The church, which operates 30% of Kenya's health care facilities and has been providing health care in Kenya for more than 100 years, is not opposed to vaccinations. To the contrary, its health facilities have long been administering vaccines as part of its public health mission.


But the church and official organizations such as the Catholic Health Commission of Kenya and the Kenya Catholic Doctors Association assert that a tetanus vaccine program sponsored by WHO and UNICEF has been laced with HCG, or human chorionic gonadotropin, a hormone that the human embryo produces after conception to enable it to be implanted in the womb (HCG is also the chemical tested for in pregnancy tests). When the body receives HCG via a tetanus vaccine, it acts as an antigen, stimulating the production of antibodies to HCG. Those antibodies cause the woman's body to reject future embryos, effectively sterilizing her.


The charges in Kenya, similar to others in Mexico, Nicaragua and the Philippines, led Kenya's parliamentary Committee of Health to create a Joint Committee of Experts, made of experts from Kenya's Ministry of Health and the Kenya Conference of Catholic Bishops, to investigate the conflicting claims, which included government assurances that the tetanus vaccines used in the WHO-UNICEF Vaccination Campaign had been tested and found free of HCG.


The Ministry of Health then refused to provide the Expert Committee with the vaccine vials it claimed to have sampled and tested.
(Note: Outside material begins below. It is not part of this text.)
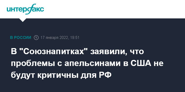 Москва. 17 января. INTERFAX.RU - Проблемы производителей апельсинов в США, приведшие к резкому росту фьючерсов на концентрат апельсинового сока, не будут критичны для российского рынка, считает президент Союза производителей соков, воды и напитков (Союзнапитки) Максим Новиков.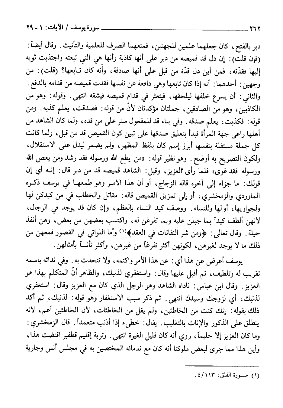 يُوسُفُ أَعْرِضْ عَنْ هَذَا أَيْ: عَنْ هَذَا الْأَمْرِ وَاكْتُمْهُ، وَلَا تَتَحَدَّثْ بِهِ. وَفِي نِدَائِهِ بِاسْمِهِ تَقْرِيبٌ لَهُ وَتَلْطِيفٌ، ثُمَّ أَقْبَلَ عَلَيْهَا وَقَالَ: وَاسْتَغْفِرِي لِذَنْبِكِ، وَالظَّاهِرُ أَنَّ الْمُتَكَلِّمَ بِهَذَا هُوَ الْعَزِيزُ. وَقَالَ ابْنُ عَبَّاسٍ: نَادَاهُ الشَّاهِدُ وَهُوَ الرَّجُلُ الَّذِي كَانَ مَعَ الْعَزِيزِ وَقَالَ: اسْتَغْفِرِي لِذَنْبِكِ، أَيْ لِزَوْجِكِ وَسَيِّدِكِ انْتَهَى. ثُمَّ ذَكَرَ سَبَبَ الِاسْتِغْفَارِ وَهُوَ قَوْلُهُ: لِذَنْبِكِ، ثُمَّ أَكَّدَ ذَلِكَ بِقَوْلِهِ: إِنَّكِ كُنْتِ مِنَ الْخَاطِئِينَ، وَلَمْ يَقُلْ مِنَ الْخَاطِئَاتِ، لِأَنَّ الْخَاطِئِينَ أَعَمُّ، لِأَنَّهُ يَنْطَلِقُ عَلَى الذُّكُورِ والإناث بالتغليب. يقال: خطىء إِذَا أَذْنَبَ مُتَعَمِّدًا. قَالَ الزَّمَخْشَرِيُّ:

The Catholic Bishops did provide the expert committee with nine sample vials that had been used in the WHO-UNICEF campaign. Upon testing, the Expert Committee found that one third of the WHO-UNICEF vials did indeed contain HCG. Separately, 50 tetanus vials that weren't involved in the WHO-UNICEF campaign were tested and found to be free of HCG.


The church and the government are now in a stand-off. The Ministry of Health has pulled its experts from the Expert Committee and refuses to accept a final report on the controversy. The church, for its part, is warning parishioners to avoid the tetanus vaccine, requesting apologies for the victims from WHO and UNICEF for conduct both "unethical and immoral," and insisting that "no further vaccination campaigns should be undertaken in this county without an all-inclusive sampling and testing exercise before, during and after the vaccination campaign."